• [Data excerpt]:

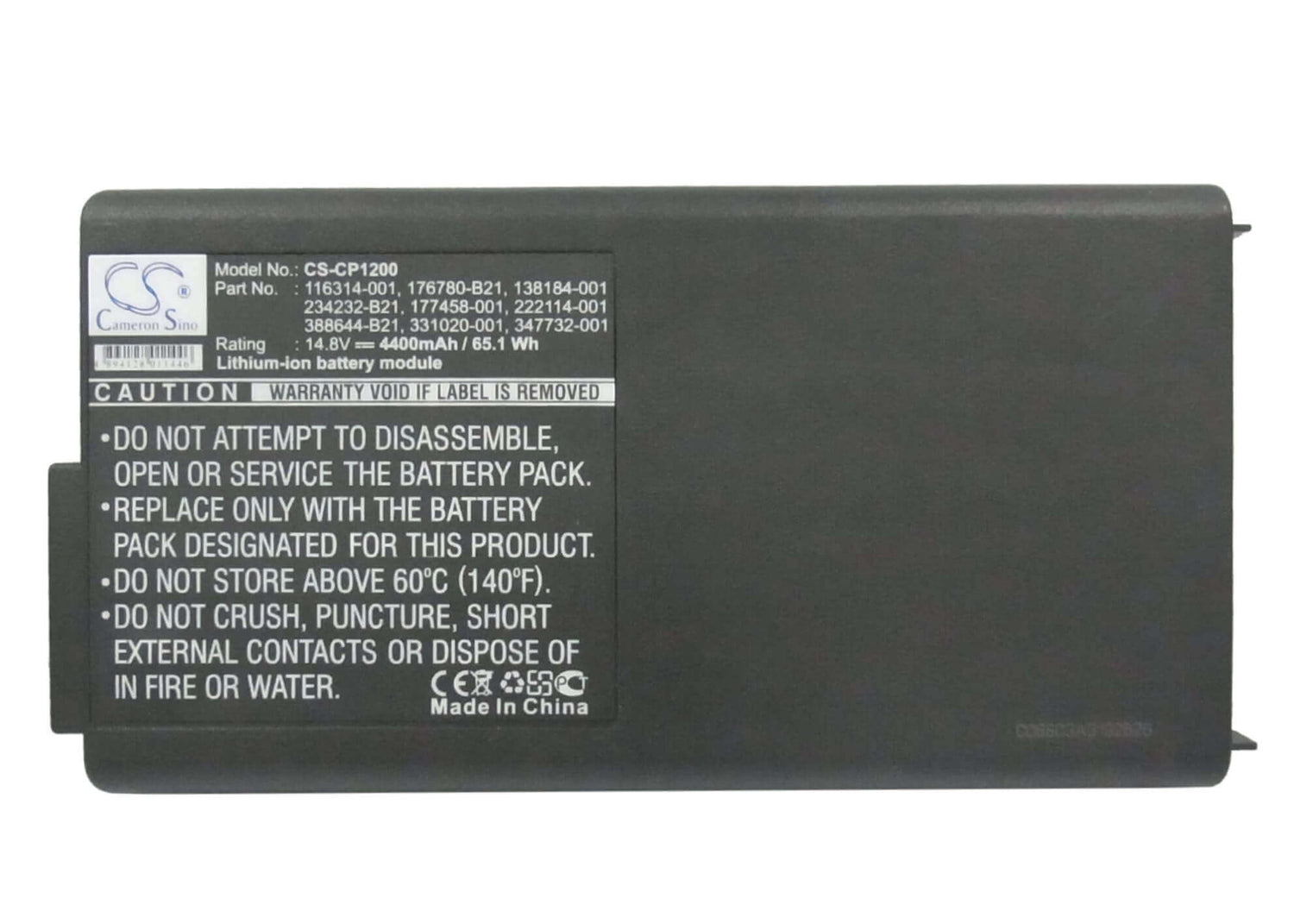 Look no further than Canadian Batteries your faithful, reliable and true canadian supplier, Our batteries are fresh from the factory and usually no more than 90 days old. We endeavor to keep our data as current as possible, but there will be occasions when new models have not been updated to the website yet. Contact us and we will confirm fitment. This battery is designed to replace the battery in models described below Chemistry Li-ion Voltage 14.8VCapacity4400mAh / 65.12Wh Warranty 1 Year Model Number CS-CP1200 Color BlackDimensions(mm)148.00 x 77.30 x 20.10mmReplaces ManufacturersCompaqWe endeavor to keep our data as current as possible, but there will be occasions when new models have not been updated to the website yet. Contact us and we will confirm fitment. it's important to confirm the information from your device before ordering, contact us before ordering if you are not sure. The warranty we offer on all of our products is one of the best in the business, we make returns easy and will quickly test and replace any product found to have an issue within the 12 or 6 months warranty period. Different chemistries of batteries have different cycle lives, Li-Ion usually lasts for around 400 to 500 cycles, Lithium Polymer is the same. Nimh batteries will usually last for around 500 cycles. A cycle is a full discharge and recharge of the battery. If you are looking for a High quality replacement battery with ISO 9001 certifications in place then look no further. This battery is designed to be as robust and as safe as the original OEM battery. Cameron Sino actually manufacture batteries for many OEM companies. The only difference that you will find is the label that is installed. This product is designed to replace batteries as shown in the specifications table below. Special Remarks:-Device Models and Battery numbers that this battery is known to support:-Device Models SupportedCompaq, Presario 1200, Presario 1200an, Presario 1200ap, Presario 1200ap-470011-846, Presario 1200ap-470011-847, Presario 1200ap-470011-848, Presario 1200ap-470015-558, Presario 1200ap-470016-373, Presario 1200ap-470021-192, Presario 1200ap-470021-205, Presario 1200ap-470021-207, Presario 1200ca, Presario 1200ca-1200ca, Presario 1200cl, Presario 1200ea, Presario 1200ea-470016-814, Presario 1200ea-470016-815, Presario 1200ea-470016-816, Presario 1200ea-470016-817, Presario 1200ea-470017-499, Presario 1200la, Presario 1200la-470013-575, Presario 1200sc, Presario 1200srp-470013-553, Presario 1200srp-470016-807, Presario 1200srp-470018-783, Presario 1200srp-470020-327, Presario 1200srp-470020-329, Presario 1200srp-470020-333, Presario 1200srp-470020-334, Presario 1200srp-470020-335, Presario 1200srp-470020-351, Presario 1200srp-470020-360, Presario 1200srp-470020-364, Presario 1200srp-470020-366, Presario 1200srp-470020-386, Presario 1200srp-470020-390, Presario 1200srp-470020-402, Presario 1200srp-470020-404, Presario 1200srp-470020-407, Presario 1200srp-470020-424, Presario 1200srp-470020-427, Presario 1200srp-470020-440, Presario 1200srp-470020-441, Presario 1200srp-470020-444, Presario 1200srp-470020-449, Presario 1200srp-470023-468, Presario 1200t, Presario 1200t-12xl, Presario 1200t-12xl2, Presario 1200t-470017-081, Presario 1200tc, Presario 1200th, Presario 1200us, Presario 1200xl, Presario 1200-xl102, Presario 1200-xl104, Presario 1200-xl105, Presario 1200-xl106, Presario 1200-xl107, Presario 1200-xl108, Presario 1200-xl110, Presario 1200-xl111, Presario 1200z, Presario 1200z-1200z A/900, Presario 1200z-225168-999, Presario 1200za, Presario 1200za-1200z A/1.0g, Presario 1201ap, Presario 1201ap-470013-578, Presario 1201ea, Presario 1201s, Presario 1201z, Presario 1202ea, Presario 1203cl, Presario 1205ea, Presario 1206r, Presario 1207, Presario 1210, Presario 1210ca, Presario 1210ea, Presario 1210jp, Presario 1210la, Presario 1210us, Presario 1211ca, Presario 1211ea, Presario 1211la, Presario 1212cl, Presario 1212ea, Presario 1213cl, Presario 1213ea, Presario 1214, Presario 1214ea, Presario 1214fr, Presario 1214ne, Presario 1214sr, Presario 1215, Presario 1215ea, Presario 1215us, Presario 1216, Presario 1216ea, Presario 1216jp, Presario 1216uk, Presario 1216us, Presario 1217jp, Presario 1219jp, Presario 1220, Presario 1221, Presario 1230, Presario 1232, Presario 1234, Presario 1235, Presario 1236, Presario 1237, Presario 1240, Presario 1242, Presario 1244, Presario 1246, Presario 1247, Presario 1250, Presario 1255, Presario 1256, Presario 1260, Presario 1266, Presario 1267, Presario 1270, Presario 1275, Presario 1277, Presario 1278, Presario 1279, Presario 1280, Presario 12xl125, Presario 12xl126, Presario 12xl127, Presario 12xl128, Presario 12xl201, Presario 12xl204, Presario 12xl220, Presario 12xl223, Presario 12xl3, Presario 12xl300, Presario 12xl300b, Presario 12xl302, Presario 12xl304, Presario 12xl310, Presario 12xl320, Presario 12xl323, Presario 12xl325, Presario 12xl326, Presario 12xl327, Presario 12xl330, Presario 12xl400, Presario 12xl401, Presario 12xl403, Presario 12xl404, Presario 12xl410, Presario 12xl420, Presario 12xl423, Presario 12xl426, Presario 12xl427, Presario 12xl430, Presario 12xl500, Presario 12xl501, Presario 12xl504, Presario 12xl505, Presario 12xl510, Presario 12xl510a, Presario 12xl526, Presario 12xl527, Presario 12xl530, Presario 1600s, Presario 1600-xl1, Presario 1600-xl140, Presario 1600-xl141, Presario 1600-xl142, Presario 1600-xl143, Presario 1600-xl144, Presario 1600-xl145, Presario 1600-xl146, Presario 1600-xl147, Presario 1600-xl150, Presario 1600-xl151, Presario 1600-xl152, Presario 1600-xl153, Presario 1600-xl154, Presario 1600-xl155, Presario 1610, Presario 1611, Presario 1620, Presario 1621, Presario 1622, Presario 1625, Presario 1626, Presario 1640, Presario 1650, Presario 1655, Presario 1660, Presario 1670, Presario 1672, Presario 1675, Presario 1680, Presario 1681, Presario 1685, Presario 1687, Presario 1688, Presario 1690, Presario 1692, Presario 1693, Presario 1694, 
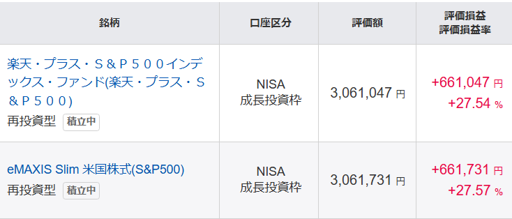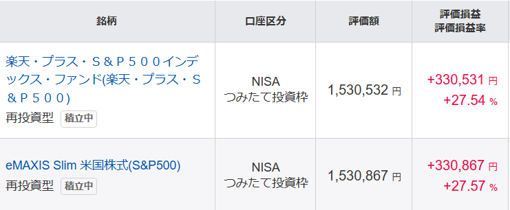 2024年から開始した楽天S&P500とeMAXISSlimS&P500への投資成績は
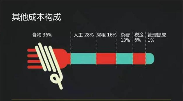我們看食材成本是多少?國外或者同類型的西餐廳一般的成本是占 15% 到 40%,因為我舉例這家餐廳,也是一家意大利西餐廳,食材占 36%。36% 的食材成本,再加上 6% 的雜項稅,看上去好像還有很多的收入。但是你忘了人工成本。人工成本在整個營收當中占比 28%,加上雜費 13%,加上稅金 6%,包括 1% 的管理提成。剩下還會有多少?
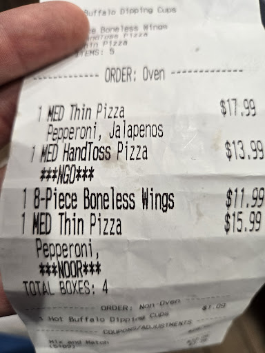 Ā Ā Ā Read moreI ordered a small pizza; pepperoni, mushrooms and olives. When it arrived, it was a pepperoni, mushroom and sausage. Unfortunately I donāt eat sausage. When I called, Nichole was really awesome and helped me quickly and said sheād get me a new pizza. She then called back to let me know that I cannot have the new pizza unless I return the wrong pizza and it had not been touched, per her manager āJesusā. Huh? Really? You made a mistake and now your demanding that you wonāt make things right unless I return the original pizza. Itās rude and shows a lack of care for the customer. I have to wait another 45-60 minutes for a new pizza and will they will hand it over if I hand over the original. Super janky! Keep in mind, Iām not going to eat it, itās the...

• [Work request]: Pictures stay out; everything else in the listing above is to be repeated exactly.

• [Response area]:
 Look no further than Canadian Batteries your faithful, reliable and true canadian supplier, Our batteries are fresh from the factory and usually no more than 90 days old. We endeavor to keep our data as current as possible, but there will be occasions when new models have not been updated to the website yet. Contact us and we will confirm fitment. This battery is designed to replace the battery in models described below Chemistry Li-ion Voltage 14.8VCapacity4400mAh / 65.12Wh Warranty 1 Year Model Number CS-CP1200 Color BlackDimensions(mm)148.00 x 77.30 x 20.10mmReplaces ManufacturersCompaqWe endeavor to keep our data as current as possible, but there will be occasions when new models have not been updated to the website yet. Contact us and we will confirm fitment. it's important to confirm the information from your device before ordering, contact us before ordering if you are not sure. The warranty we offer on all of our products is one of the best in the business, we make returns easy and will quickly test and replace any product found to have an issue within the 12 or 6 months warranty period. Different chemistries of batteries have different cycle lives, Li-Ion usually lasts for around 400 to 500 cycles, Lithium Polymer is the same. Nimh batteries will usually last for around 500 cycles. A cycle is a full discharge and recharge of the battery. If you are looking for a High quality replacement battery with ISO 9001 certifications in place then look no further. This battery is designed to be as robust and as safe as the original OEM battery. Cameron Sino actually manufacture batteries for many OEM companies. The only difference that you will find is the label that is installed. This product is designed to replace batteries as shown in the specifications table below. Special Remarks:-Device Models and Battery numbers that this battery is known to support:-Device Models SupportedCompaq, Presario 1200, Presario 1200an, Presario 1200ap, Presario 1200ap-470011-846, Presario 1200ap-470011-847, Presario 1200ap-470011-848, Presario 1200ap-470015-558, Presario 1200ap-470016-373, Presario 1200ap-470021-192, Presario 1200ap-470021-205, Presario 1200ap-470021-207, Presario 1200ca, Presario 1200ca-1200ca, Presario 1200cl, Presario 1200ea, Presario 1200ea-470016-814, Presario 1200ea-470016-815, Presario 1200ea-470016-816, Presario 1200ea-470016-817, Presario 1200ea-470017-499, Presario 1200la, Presario 1200la-470013-575, Presario 1200sc, Presario 1200srp-470013-553, Presario 1200srp-470016-807, Presario 1200srp-470018-783, Presario 1200srp-470020-327, Presario 1200srp-470020-329, Presario 1200srp-470020-333, Presario 1200srp-470020-334, Presario 1200srp-470020-335, Presario 1200srp-470020-351, Presario 1200srp-470020-360, Presario 1200srp-470020-364, Presario 1200srp-470020-366, Presario 1200srp-470020-386, Presario 1200srp-470020-390, Presario 1200srp-470020-402, Presario 1200srp-470020-404, Presario 1200srp-470020-407, Presario 1200srp-470020-424, Presario 1200srp-470020-427, Presario 1200srp-470020-440, Presario 1200srp-470020-441, Presario 1200srp-470020-444, Presario 1200srp-470020-449, Presario 1200srp-470023-468, Presario 1200t, Presario 1200t-12xl, Presario 1200t-12xl2, Presario 1200t-470017-081, Presario 1200tc, Presario 1200th, Presario 1200us, Presario 1200xl, Presario 1200-xl102, Presario 1200-xl104, Presario 1200-xl105, Presario 1200-xl106, Presario 1200-xl107, Presario 1200-xl108, Presario 1200-xl110, Presario 1200-xl111, Presario 1200z, Presario 1200z-1200z A/900, Presario 1200z-225168-999, Presario 1200za, Presario 1200za-1200z A/1.0g, Presario 1201ap, Presario 1201ap-470013-578, Presario 1201ea, Presario 1201s, Presario 1201z, Presario 1202ea, Presario 1203cl, Presario 1205ea, Presario 1206r, Presario 1207, Presario 1210, Presario 1210ca, Presario 1210ea, Presario 1210jp, Presario 1210la, Presario 1210us, Presario 1211ca, Presario 1211ea, Presario 1211la, Presario 1212cl, Presario 1212ea, Presario 1213cl, Presario 1213ea, Presario 1214, Presario 1214ea, Presario 1214fr, Presario 1214ne, Presario 1214sr, Presario 1215, Presario 1215ea, Presario 1215us, Presario 1216, Presario 1216ea, Presario 1216jp, Presario 1216uk, Presario 1216us, Presario 1217jp, Presario 1219jp, Presario 1220, Presario 1221, Presario 1230, Presario 1232, Presario 1234, Presario 1235, Presario 1236, Presario 1237, Presario 1240, Presario 1242, Presario 1244, Presario 1246, Presario 1247, Presario 1250, Presario 1255, Presario 1256, Presario 1260, Presario 1266, Presario 1267, Presario 1270, Presario 1275, Presario 1277, Presario 1278, Presario 1279, Presario 1280, Presario 12xl125, Presario 12xl126, Presario 12xl127, Presario 12xl128, Presario 12xl201, Presario 12xl204, Presario 12xl220, Presario 12xl223, Presario 12xl3, Presario 12xl300, Presario 12xl300b, Presario 12xl302, Presario 12xl304, Presario 12xl310, Presario 12xl320, Presario 12xl323, Presario 12xl325, Presario 12xl326, Presario 12xl327, Presario 12xl330, Presario 12xl400, Presario 12xl401, Presario 12xl403, Presario 12xl404, Presario 12xl410, Presario 12xl420, Presario 12xl423, Presario 12xl426, Presario 12xl427, Presario 12xl430, Presario 12xl500, Presario 12xl501, Presario 12xl504, Presario 12xl505, Presario 12xl510, Presario 12xl510a, Presario 12xl526, Presario 12xl527, Presario 12xl530, Presario 1600s, Presario 1600-xl1, Presario 1600-xl140, Presario 1600-xl141, Presario 1600-xl142, Presario 1600-xl143, Presario 1600-xl144, Presario 1600-xl145, Presario 1600-xl146, Presario 1600-xl147, Presario 1600-xl150, Presario 1600-xl151, Presario 1600-xl152, Presario 1600-xl153, Presario 1600-xl154, Presario 1600-xl155, Presario 1610, Presario 1611, Presario 1620, Presario 1621, Presario 1622, Presario 1625, Presario 1626, Presario 1640, Presario 1650, Presario 1655, Presario 1660, Presario 1670, Presario 1672, Presario 1675, Presario 1680, Presario 1681, Presario 1685, Presario 1687, Presario 1688, Presario 1690, Presario 1692, Presario 1693, Presario 1694, 
 2024年から開始した楽天S&P500とeMAXISSlimS&P500への投資成績は
我們看食材成本是多少?國外或者同類型的西餐廳一般的成本是占 15% 到 40%,因為我舉例這家餐廳,也是一家意大利西餐廳,食材占 36%。36% 的食材成本,再加上 6% 的雜項稅,看上去好像還有很多的收入。但是你忘了人工成本。人工成本在整個營收當中占比 28%,加上雜費 13%,加上稅金 6%,包括 1% 的管理提成。剩下還會有多少?
 Ā Ā Ā Read moreI ordered a small pizza; pepperoni, mushrooms and olives. When it arrived, it was a pepperoni, mushroom and sausage. Unfortunately I donāt eat sausage. When I called, Nichole was really awesome and helped me quickly and said sheād get me a new pizza. She then called back to let me know that I cannot have the new pizza unless I return the wrong pizza and it had not been touched, per her manager āJesusā. Huh? Really? You made a mistake and now your demanding that you wonāt make things right unless I return the original pizza. Itās rude and shows a lack of care for the customer. I have to wait another 45-60 minutes for a new pizza and will they will hand it over if I hand over the original. Super janky! Keep in mind, Iām not going to eat it, itās the...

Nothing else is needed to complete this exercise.